Geng Isabelle Jianing, Golubeva Kimberly, Gour Gilad
Department of Mathematics and Statistics, Institute for Quantum Science and Technology, University of Calgary, Alberta T2N 1N4, Canada.
Phys Rev Lett. 2021 Mar 12;126(10):100401. doi: 10.1103/PhysRevLett.126.100401.
Symmetric informationally complete (SIC) positive operator valued measures (POVMs) are a class of quantum measurements which, in addition to being informationally complete, satisfy three conditions: (1) every POVM element is rank one, (2) the Hilbert-Schmidt inner product between any two distinct elements is constant, and (3) the trace of each element is constant. The third condition is often overlooked, since it may give the impression that it follows trivially from the second. We show that this condition cannot be removed, as it leads to two distinct values for the trace of an element of the POVM. This observation has led us to define a broader class of measurements which we call semi-SIC POVMs.

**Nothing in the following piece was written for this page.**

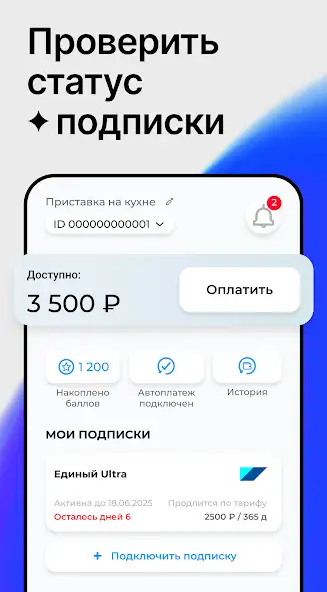 С приложением Триколор ТВ абоненты получают возможность просматривать информацию о модуле цифрового телевидения прямо с экрана Андроид. В личном кабинете доступно распределение баланса, управление опциями. На персональной странице в режиме реального времени можно просматривать информацию о статусе договора, тарифе сформированной абонентской линии.

In dimension two, we show that semi-SIC POVMs exist, and we construct the entire family. In higher dimensions, we characterize key properties and applications of semi-SIC POVMs, and note that the proof of their existence remains open.
对称信息完备(SIC)正算子值测量(POVM)是一类量子测量,除了信息完备之外,还满足三个条件:(1)每个POVM元素的秩为一;(2)任意两个不同元素之间的希尔伯特 - 施密特内积是常数;(3)每个元素的迹是常数。第三个条件常常被忽视,因为它可能给人一种它可从第二个条件轻易推出的印象。我们证明这个条件不能被去掉,因为它会导致POVM元素的迹出现两个不同的值。这一观察结果促使我们定义了一类更广泛的测量,我们称之为半SIC POVM。在二维情况下,我们证明了半SIC POVM的存在,并构建了整个族。在更高维度中,我们刻画了半SIC POVM的关键性质和应用,并指出其存在性的证明仍然是开放的。